The radiator was 400 *.8 = $320 off. So it cost 400 - 320 = $120. The mechanic charged him 3 * 50 = $150. So the total cost was 120 + 150 = $270. The answer is 270.


## 3. Self-Consistency
Third step is to post-process the responses. Since we are doing a QA task on math questions, an effective post-processing step is a majority-scoring technique known as Self-Consistency. While it doesn't verify that the answer is correct, it gives a strong indication that it should be (as long as the model is sufficiently unbiased).

In [20]:
# Problem: Mark is three times older than Forrest.

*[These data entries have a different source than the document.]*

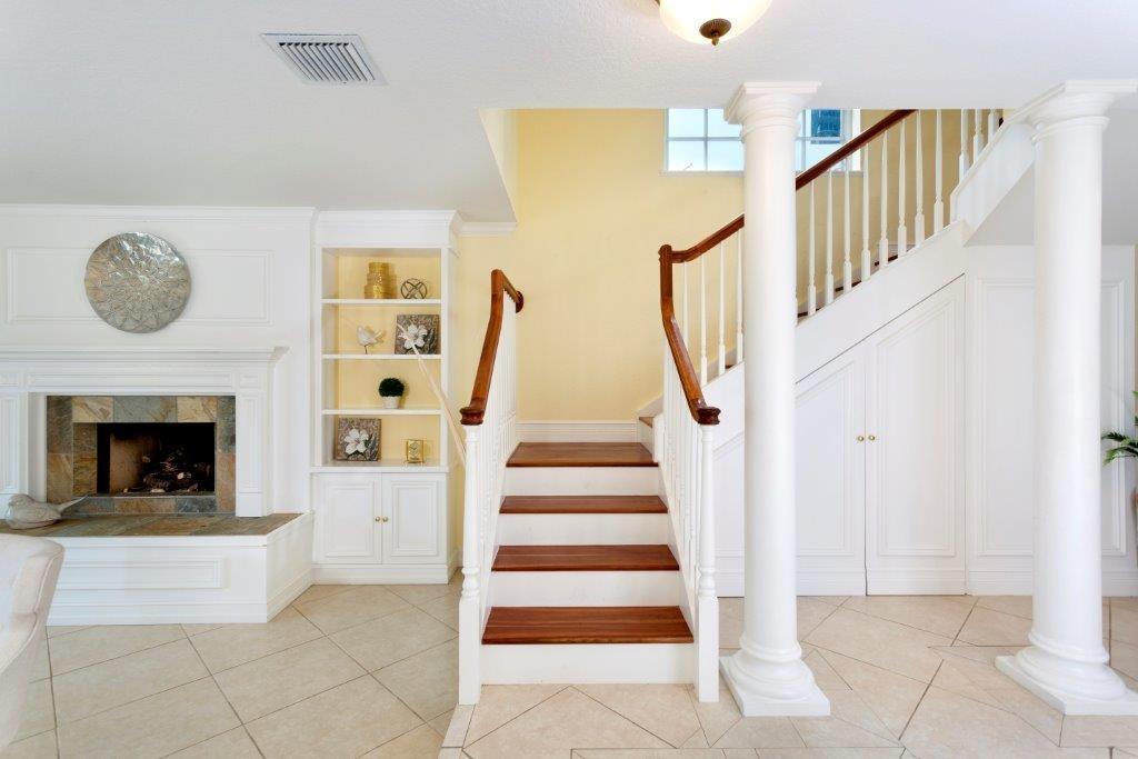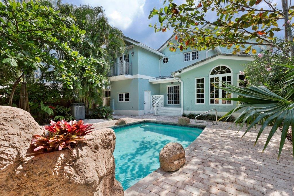 Encircled by lush tropical landscaping in a hedged, fenced yard, this charming two-story fully reflects our Florida lifestyle. A backyard patio and partially covered deck surround a private heated pool with an island-inspired rock waterfall. The front patio provides wide-ranging Intracoastal views, just steps from a private deeded dock that can accommodate a 40-foot boat. Garage is a one car tandem garage that comfortably accommodates 2 vehicles.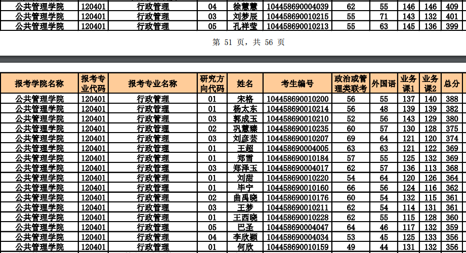 2018年行管一志愿复试名单
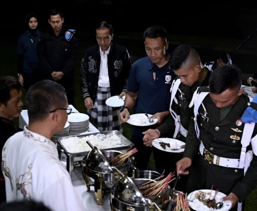 Presiden Jokowi mengantre makanan angkringan yang diundang jelang pergantian tahun di Wisma…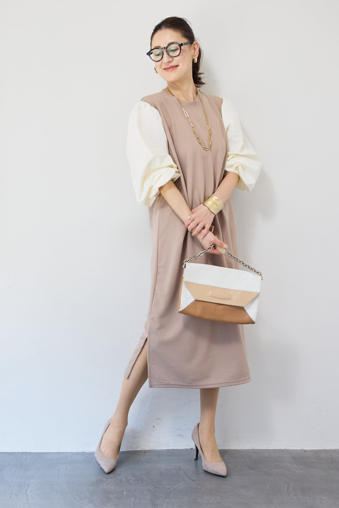 バルーンスリーブ配色ワンピース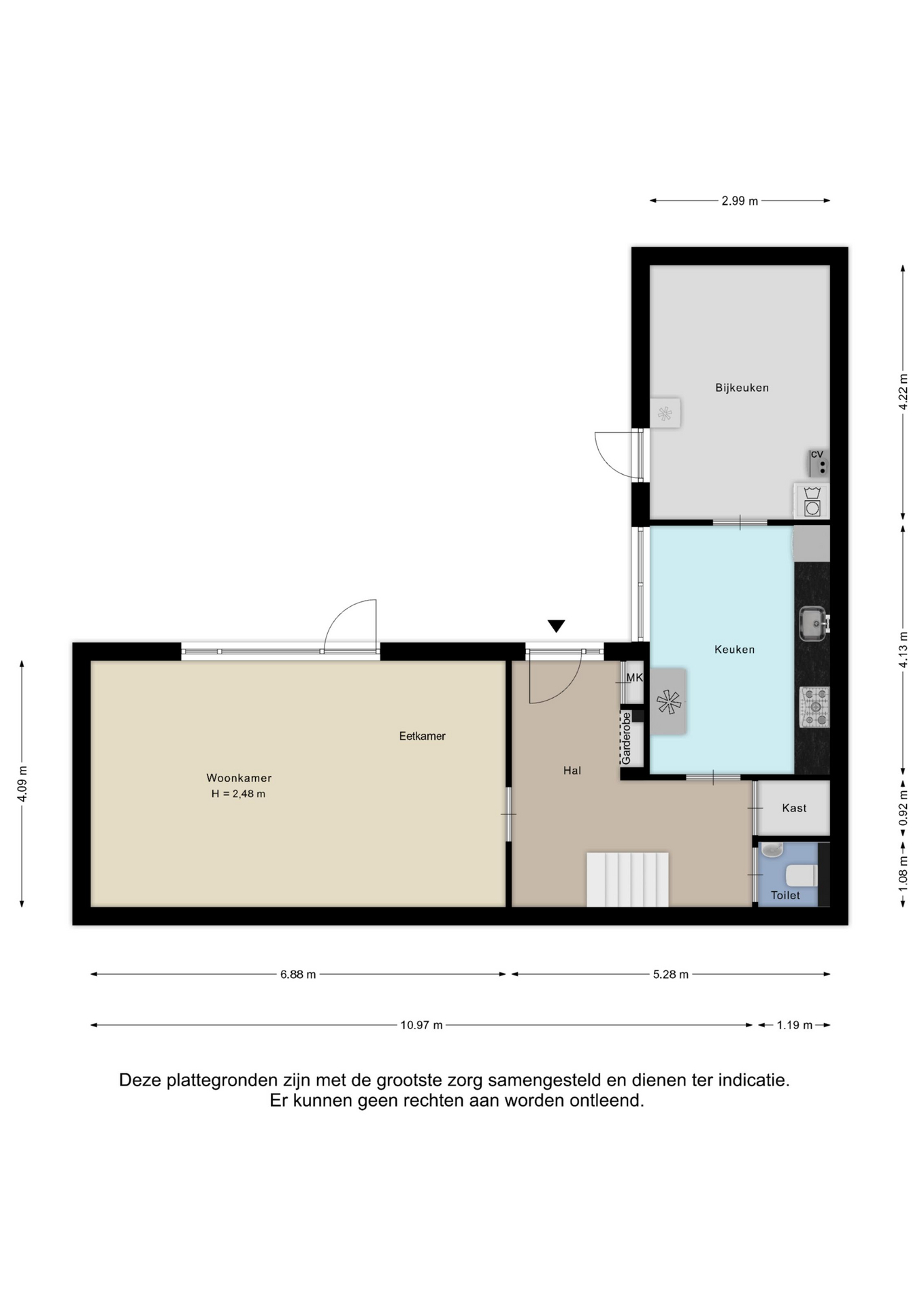Alle door ons kantoor verstrekte informatie omtrent onroerende zaken, moet beschouwd worden als een uitnodiging om in onderhandeling te treden, en is geheel vrijblijvend! Alle vermelde maten en afmetingen zijn slechts bij benadering. Aan deze beperkte info kunnen geen rechten worden ontleend. Indien in enige documentatie of op enige website informatie staat die niet overeen komt met de werkelijkheid, dan geldt de feitelijke situatie waarin de woning zich bevindt, zoals koper deze tijdens de bezichtiging heeft kunnen waarnemen, en wordt de woning in deze feitelijke situatie/staat verkocht. Een (eventueel) bijgevoegde plattegrond dient uitsluitend als globale indicatie/visualisatie. Hieraan kunnen uitdrukkelijk geen rechten worden ontleend.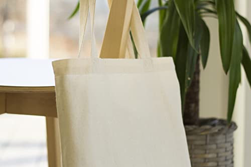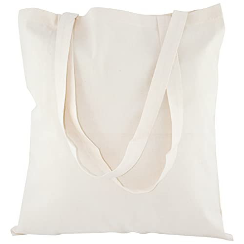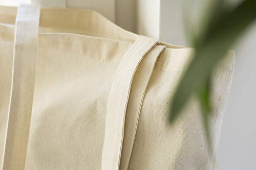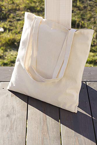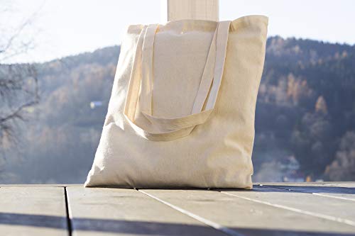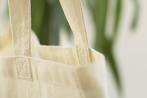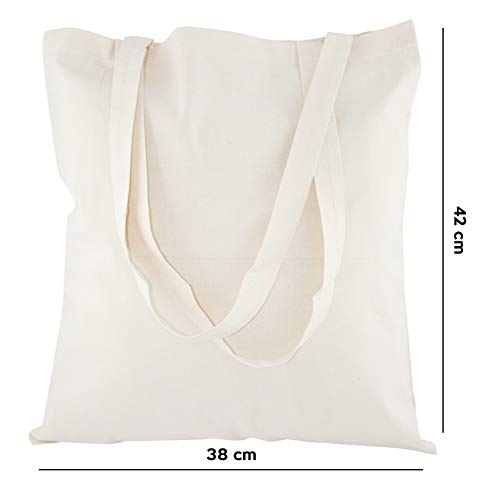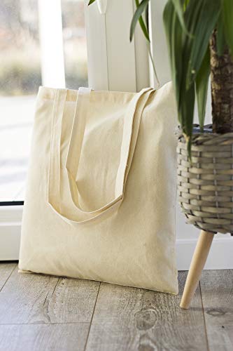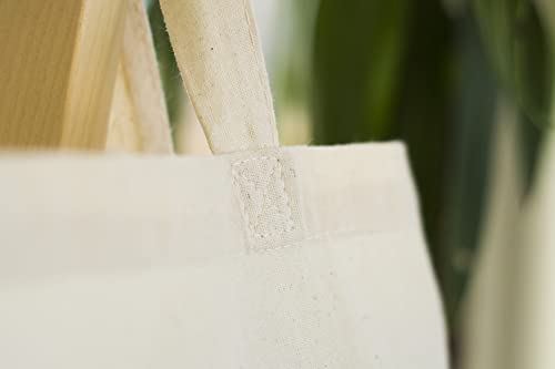 AllBags 5 szt. torba bawełniana, 380 x 420 mm (szer. x wys.), z długimi uchwytami o długości 70 cm, torba na zakupy, torba na co dzień, do pracy dla kobiet, wytrzymała torba z tkaniny do przedszkola, worek jutowy, kolor jasno – beżowy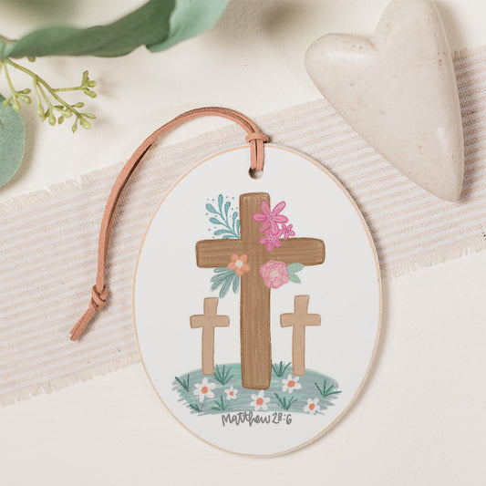 Oval Ornament-Floral Cross Matthew 28:6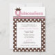 Kühne und stilvolle Einladungen aus Quinceañera mit weißen Polka-Punkten über Braun auf beiden Seiten und einer Krone über dem rosa "Q" in "Quinceañera".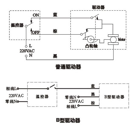 八、 安裝調(diào)試要求 1、安裝前請(qǐng)仔細(xì)閱說明書,必須由專業(yè)技術(shù)人員進(jìn)行安裝,并嚴(yán)格按照接線圖接線。 2、二通電動(dòng)閥介質(zhì)流向可從A至B,也可從B至A:三通電動(dòng)閥介質(zhì)流向從AB至A或B。 3、驅(qū)動(dòng)器可任意角度安裝,但必須在閥體的水平上方。 4、安裝時(shí)絕不能對(duì)驅(qū)動(dòng)器施力,否則會(huì)損壞驅(qū)動(dòng)器。 5、卸下閥體安裝時(shí)絕對(duì)不能對(duì)閥桿施力,否則閥桿變形導(dǎo)致漏水。 6、本閥不能配三速開關(guān),只配機(jī)械或者電子式溫控器。 7、調(diào)試時(shí)必須觀察驅(qū)動(dòng)器是否能可靠啟動(dòng)或停止,若連續(xù)不停地上下走動(dòng),必須調(diào)換驅(qū)動(dòng)器,否則閥桿密封壽命會(huì)很短。 8、當(dāng)拔桿在上部時(shí),可采用手動(dòng)操作,通過向下推動(dòng)白色手動(dòng)拔桿至中間位置,并向里推,可以打開閥門。通過輕輕的壓低白色手動(dòng)拔桿,然后將拔桿拉出,將閥門手動(dòng)恢復(fù)到閉合位置。當(dāng)電源恢復(fù)時(shí),閥門和驅(qū)動(dòng)器回到自動(dòng)位置。 九、注意: 如果閥門被馬達(dá)驅(qū)動(dòng)打開,除非取下驅(qū)動(dòng)器,否則不能手動(dòng)閉合閥門。 為了避免產(chǎn)品運(yùn)行中的麻煩,在安裝之前,要沖刷整個(gè)系統(tǒng),并在系統(tǒng)中安裝50微米(或更細(xì))的過濾裝置。 十、 維修和保養(yǎng) 1、若閥門在泄漏,應(yīng)將流體排盡或?qū)⑵鋸南到y(tǒng)中隔離。 2、檢查是否需要更換閥芯組件。 3、若驅(qū)動(dòng)器不工作或連續(xù)不斷的上下走動(dòng),應(yīng)更換整個(gè)驅(qū)動(dòng)器。 十一、 重要警告 1、安裝、維修和保養(yǎng)之前必須先將電源切斷。 2、換閥體或閥芯時(shí)必須先切斷流體,打開風(fēng)盤排氣閥以徹底卸壓方可操作。 3、使用中若閥門在泄漏,必須立即將閥門從系統(tǒng)中隔離并排盡流體。 4、選擇普通型驅(qū)動(dòng)頭,一個(gè)溫控器只能配一個(gè)電動(dòng)閥,否則造成的一切后果,廠家概不負(fù)責(zé)。
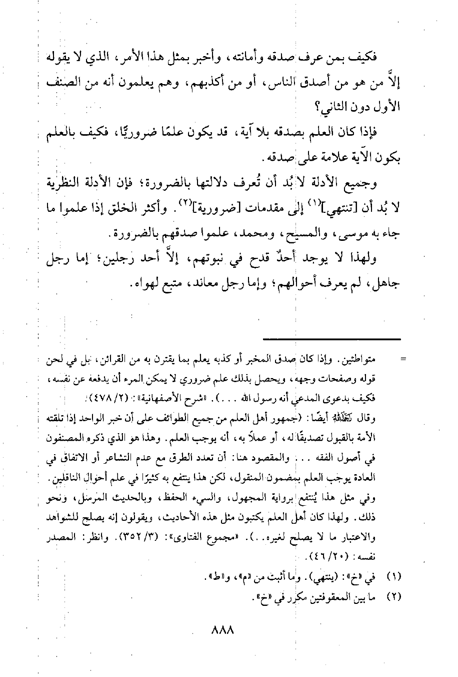 وجميع الأدلة لا بُدّ أن تُعرف دلالتها بالضرورة؛ فإنّ الأدلة النظرية لا بُدّ أن [تنتهي] 1 إلى مقدمات [ضرورية] 2. وأكثر الخلق إذا علموا ما جاء به موسى، والمسيح، ومحمد، علموا صدقهم بالضرورة.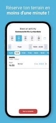 Fini la corvée de réservation ! Avec l'application tu n'as plus qu'à accéder aux créneaux disponibles et à en choisir un. Le club recevra alors automatiquement ta réservation.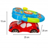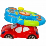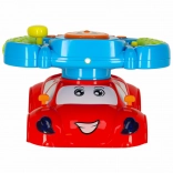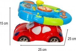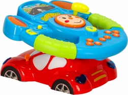 Volan je postavljen na crvenom autiću s vakuumskim čašicama na donjoj strani, što omogućuje njegovo čvrsto pričvršćivanje na različite površine. Idealno za kućnu upotrebu i za putovanja.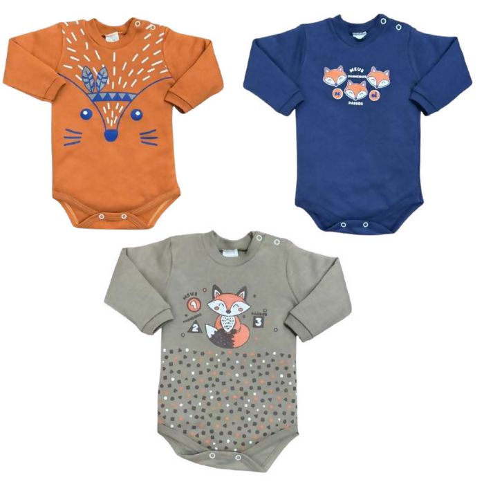Kit com 3 bodies RN a EX de manga longa, desenvolvido para coordenar com os culotes da mesma linha. Peças essenciais para o mix básico da linha bebê, com excelente vestibilidade e alta aceitação no varejo infantil.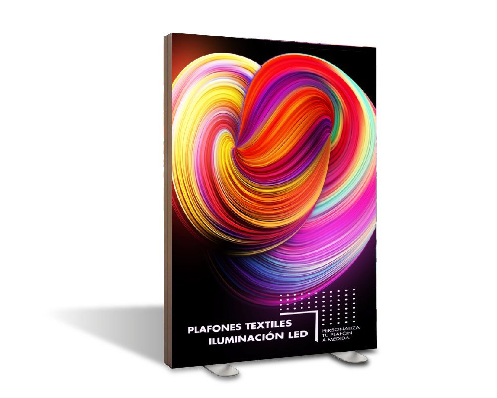 El marco para textil es un sistema de presentación iluminada y flexible, que no sólo es fácil de usar sino también de montar. Esta caja de luz se suministra como un conjunto, equipado con LED, pies de base y resulta muy práctico de transportar en su caja compacta. Fabricamos cajones textiles de cualquier medida para eventos o ferias.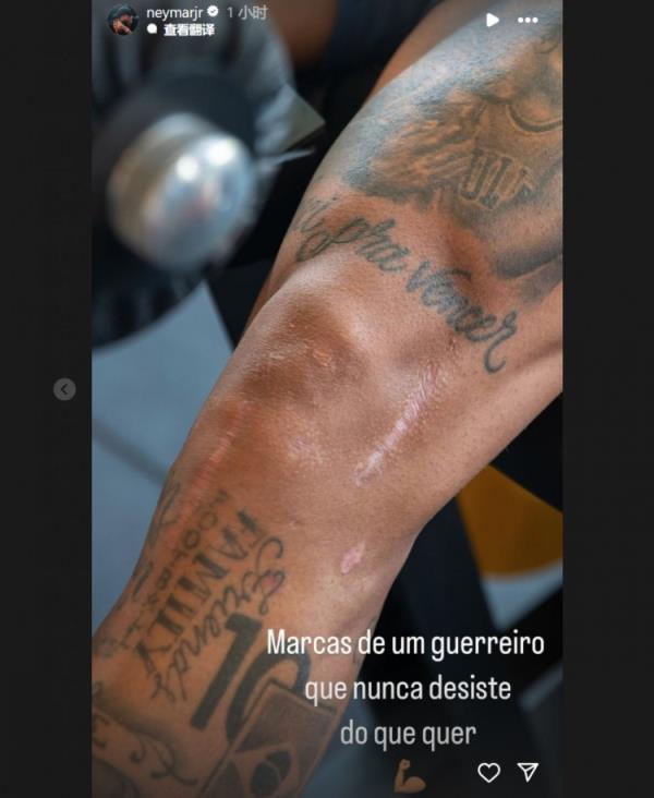 10月18日讯 利雅得新月中场内马尔在今日通过社媒晒出自己的伤疤,并鼓励自己。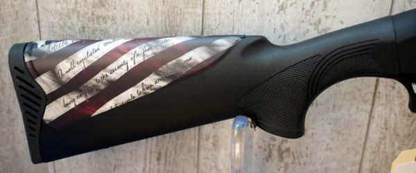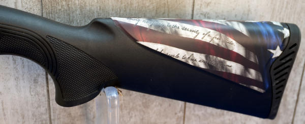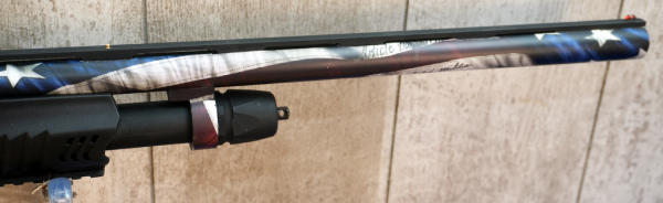 25.5" VR-BBL; smooth action; mint & unfired; factory box; hy-vis front sight; rubber recoil pad; has USA American Flag graphics on barrel & stock; graphics are a decal; 2.75" & 3"; screw-in chokes; SN#21E-11809; A-376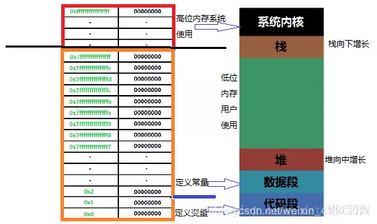 生长方向:对于堆来讲,生长方向是向上的,也就是向着内存地址增加的方向;对于栈来讲,它的生长方向是向下的,是向着内存地址减小的方向增长。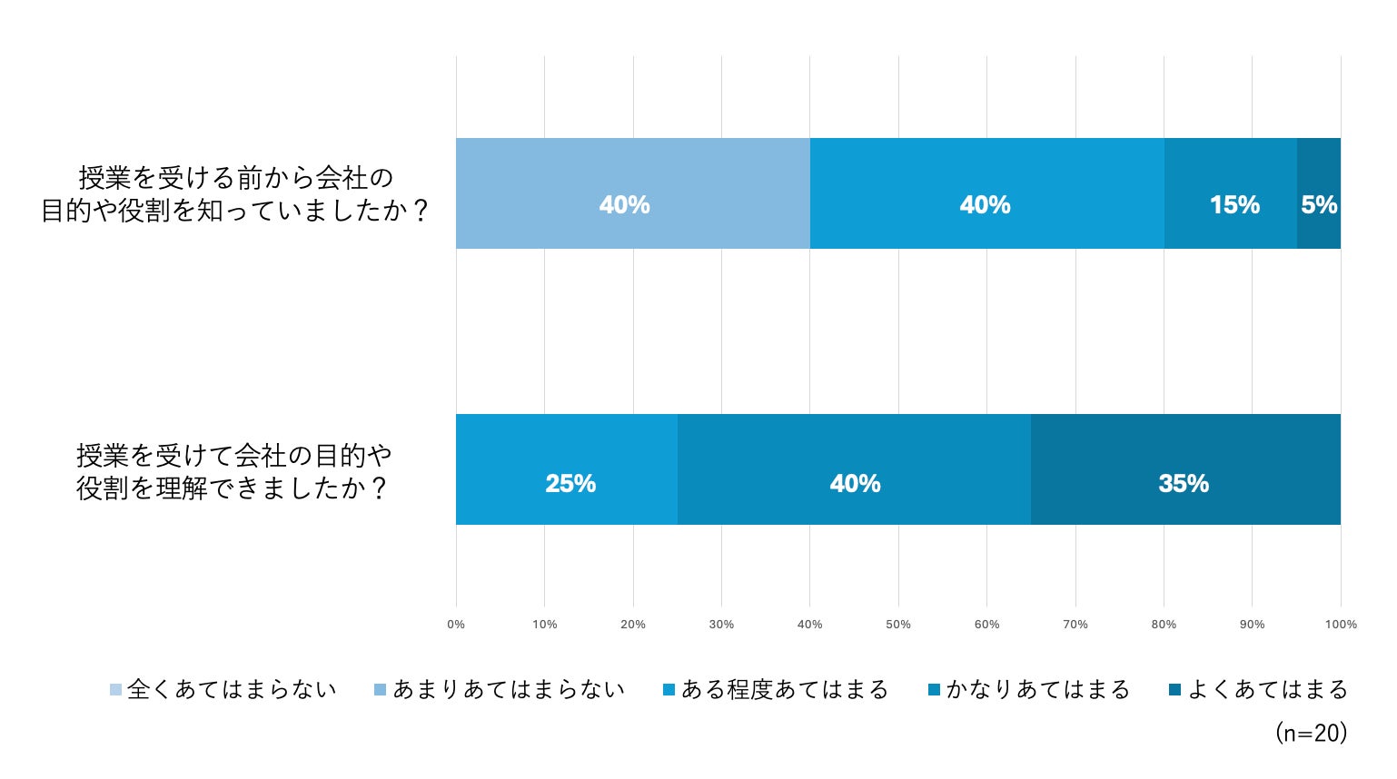 授業前は会社の目的や役割についてよく理解できていると回答した生徒は20%ほどだったのに対して、授業後は「ある程度あてはまる」が25%、「かなりあてはまる」が40%、「よくあてはまる」が35%という結果で、75%の生徒が会社についてよく理解したということがわかりました。

Forrest is two times older than Chris. If Chris is 4, how old is Mark?

list_of_completions = [
    "Answer: Forrest is 4*2=8 years old. Mark is 8*3=24 years old.\nThe answer is 24.",
    "Answer: Forrest is twice Chris's age, which is 4, so Forrest is 4*2=8. Mark is thrice Forrest's age, which is 8, so Mark is 8*3=24.\nThe answer is 24.",
    "Answer: Chris is 4, so Forrest is 2*4=10. Mark is 3*10=34.\nThe answer is 34.",
    "Answer: Chris is 4. Forrest is 4*2=8. Mark is 8*3=24.\nThe answer is 24."
]

In [23]:
from collections import defaultdict
import re

# process the list of completions for validation
def create_validation_set(sentences: list[str]):
    validation_set = defaultdict(list)
    pattern = "\nThe answer is "

    for sentence in sentences:
        start_idx = sentence.rfind(pattern)
        if start_idx != -1:
            substring = sentence[start_idx + len(pattern) :].strip()
            try:
                number = re.findall(r"\d+\.?\d*", substring)
                validation_set[float(number[0])].append(sentence)
            except IndexError:
                continue

    return validation_set

# create validation set from list of completions
validation_set = create_validation_set(list_of_completions)

validation_set

defaultdict(list,
            {24.0: ['Answer: Forrest is 4*2=8 years old. Mark is 8*3=24 years old.\nThe answer is 24.',
              "Answer: Forrest is twice Chris's age, which is 4, so Forrest is 4*2=8. Mark is thrice Forrest's age, which is 8, so Mark is 8*3=24.\nThe answer is 24.",
              'Answer: Chris is 4. Forrest is 4*2=8. Mark is 8*3=24.\nThe answer is 24.'],
             34.0: ['Answer: Chris is 4, so Forrest is 2*4=10. Mark is 3*10=34.\nThe answer is 34.']})

In [24]:
# majority scoring for determining the most consistent of answers
def self_consistency(validation_set: dict[float,list]):
    if len(validation_set.keys()) > 0:
        most_frequent_key = max(validation_set, key=lambda k: len(validation_set[k]))
        return validation_set[most_frequent_key]
    else:
        return []

filtered_completions = self_consistency(validation_set)

filtered_completions

['Answer: Forrest is 4*2=8 years old. Mark is 8*3=24 years old.\nThe answer is 24.',
 "Answer: Forrest is twice Chris's age, which is 4, so Forrest is 4*2=8. Mark is thrice Forrest's age, which is 8, so Mark is 8*3=24.\nThe answer is 24.",
 'Answer: Chris is 4. Forrest is 4*2=8. Mark is 8*3=24.\nThe answer is 24.']

## 4. Evaluation
The final step is evaluation. For this demo we want diverse responses so that we increase the complexity of the dataset and make sure that we have a sufficiently broad set of reasoning paths in our dataset. We use the Rouge-L metric as a proxy to assess diversity.

In [34]:
from rouge import Rouge 
rouge = Rouge()

def calculate_rouge(candidate, reference):
    # candidate, reference: generated and ground-truth sentences
    scores = rouge.get_scores(candidate, reference)[0]['rouge-l']['r']
    return scores

candidate = "hi, everyone, it's nice to meet you!"
reference = "hi, it's nice to meet everyone!"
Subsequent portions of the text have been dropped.